Note: This algorithm refers to the "index" of tracks, and talks about indexes being "smaller" or "larger" than each other; this implies numbering them from the cross-start side to the cross-end side (and is thus dependent on masonry-fill).
-
Generate anonymous masonry items.
-
For each masonry track, maintain a fill height, initially 0px for all tracks.
-
Let placement cursor be an index into the track list, initially pointing to the first track.
-
For each masonry item item in order-modified document order:
-
Let chosen start track be an index into the track list, initially unset.
-
If item has a definite track position, set chosen start track to that position.
Otherwise, choose a start track, given item, the masonry tracks and their fill heights, the masonry container’s tie threshold, and placement cursor, and set chosen start track to the result.
-
Let spanned tracks be the chosen start track plus following tracks according to item’s span.
-
Lay out item into spanned tracks, as specified in .
Let item height be the main size of item after layout.
-
Let max fill height be the largest fill height among spanned tracks.

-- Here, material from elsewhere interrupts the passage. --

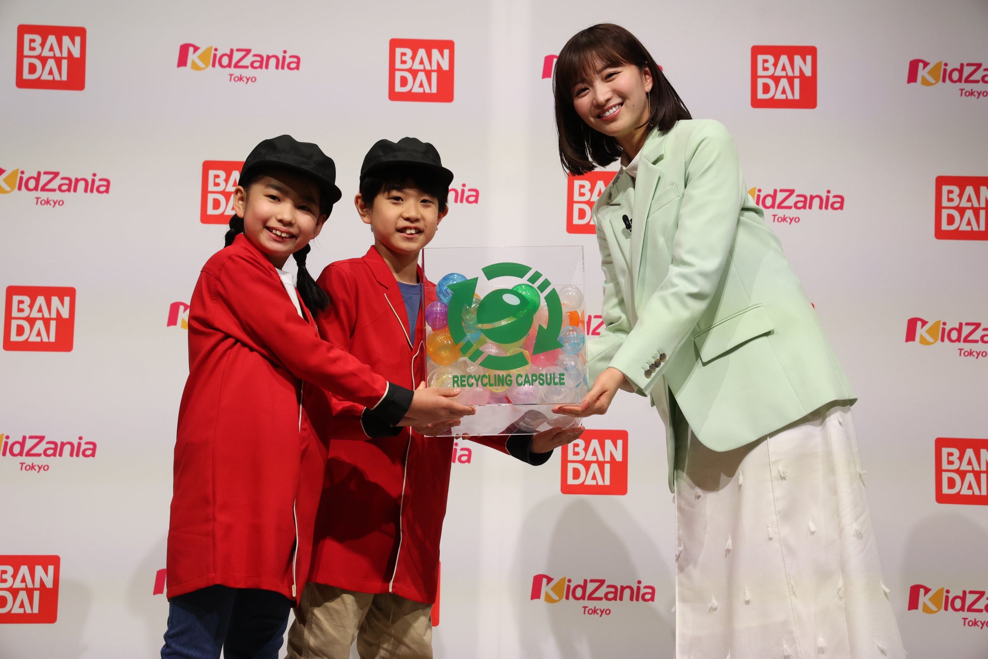 「お二人がガシャポンで遊ぶ時も、この2つの環境に配慮した取り組みを思い出してくださいね!というわけで、新しいカプセルやカプセルトイに生まれ変わるために回収されたカプセルを持ってきたので、お二人に渡したいと思います」と子どもたちにカプセルが入ったボックスを渡されました。「おもちゃ工場」パビリオンの楽しさをお二人からたくさんの人に伝えてもらえると期待しています!頑張ってくださいね!」と激励。子どもたちも「はい!一生懸命頑張ります!」と、これからの仕事体験が楽しみな様子でした。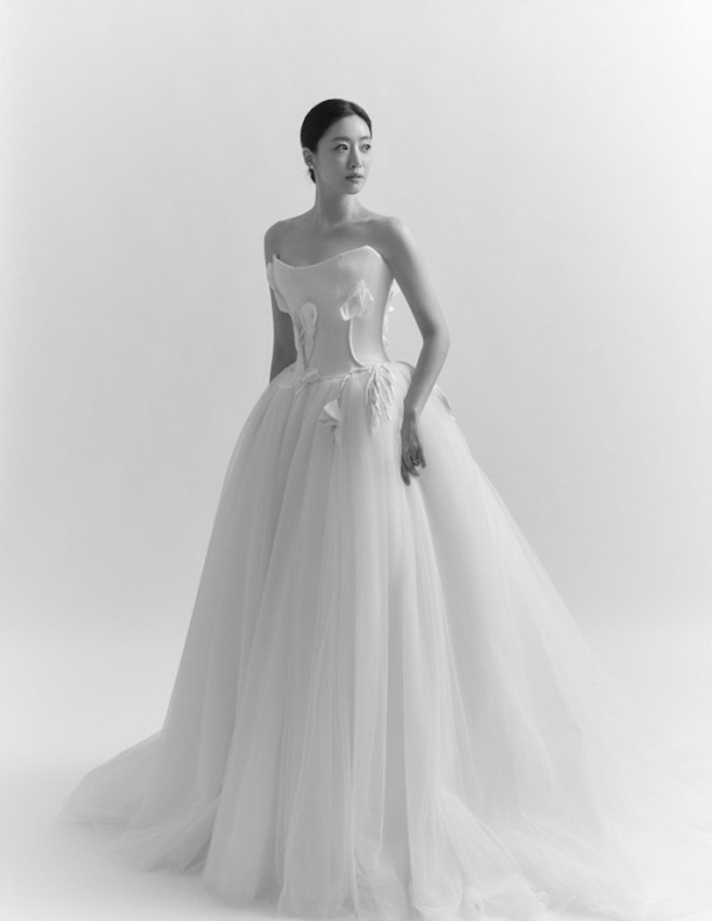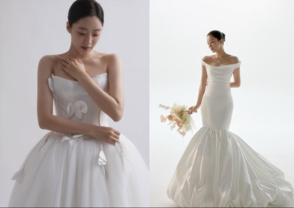 其他畫報畫面充分展現了咸𤨒晶的多樣魅力。其中一張她身著米色調細肩帶禮服展現時尚幹練風範,另一張則以純白婚紗搭配整潔髮型,彰顯清純優雅氣質。

Update all of spanned tracks’s fill heights to be max fill height + item height.
-
If item did not have a definition track position initially, set placement cursor to the first track following spanned tracks; if there are no tracks following spanned tracks, set it to the first track. (Definite-position items don’t update the cursor.)
-
To choose a start track given:
-
a masonry item item
-
a set of masonry tracks tracks and their fill heights
-
a tie threshold threshold
-
a track index placement cursor
-
Let extra span be item’s span - 1.
-
Let possible start tracks be all but the last N tracks, where N is extra span.
-
Let each item of possible start tracks have a spanning fill height, which is the largest fill height among the track itself and the next extra span tracks.
-
Let min fill height be the smallest spanning fill height among tracks.
-
Let choosable tracks be all the possible start tracks whose spanning fill height is within threshold of min fill height.
-
If any of the choosable tracks indexes are equal or greater than placement cursor, remove any items from choosable tracks whose index is smaller than placement cursor.
-
Return the item of chooseable tracks with the smallest index.
5. Alignment and Spacing
Like Grid Layout [css-grid-1], the align-* properties align in the masonry container’s block axis, and justify-* in the inline axis (rather than being based on the main axis and cross axis, like in Flexbox).
For column masonry containers:
- justify-content on the masonry container
-
The alignment subjects are the masonry tracks. The alignment container is the masonry container’s context box.
- align-content on the masonry container
-
The alignment subjects are runs of consecutive single-track masonry items in a given track between the start/end of the track or spanning items. The alignment container is the available space in the track between the two things bounding the run. (See Issue 10275.)
- justify-self on the masonry items
-
The alignment subject is the masonry item. The alignment container is the available space in the masonry area the item is placed in.
- align-self on the masonry items
-
No effect.
For row masonry containers, swap all the axises above.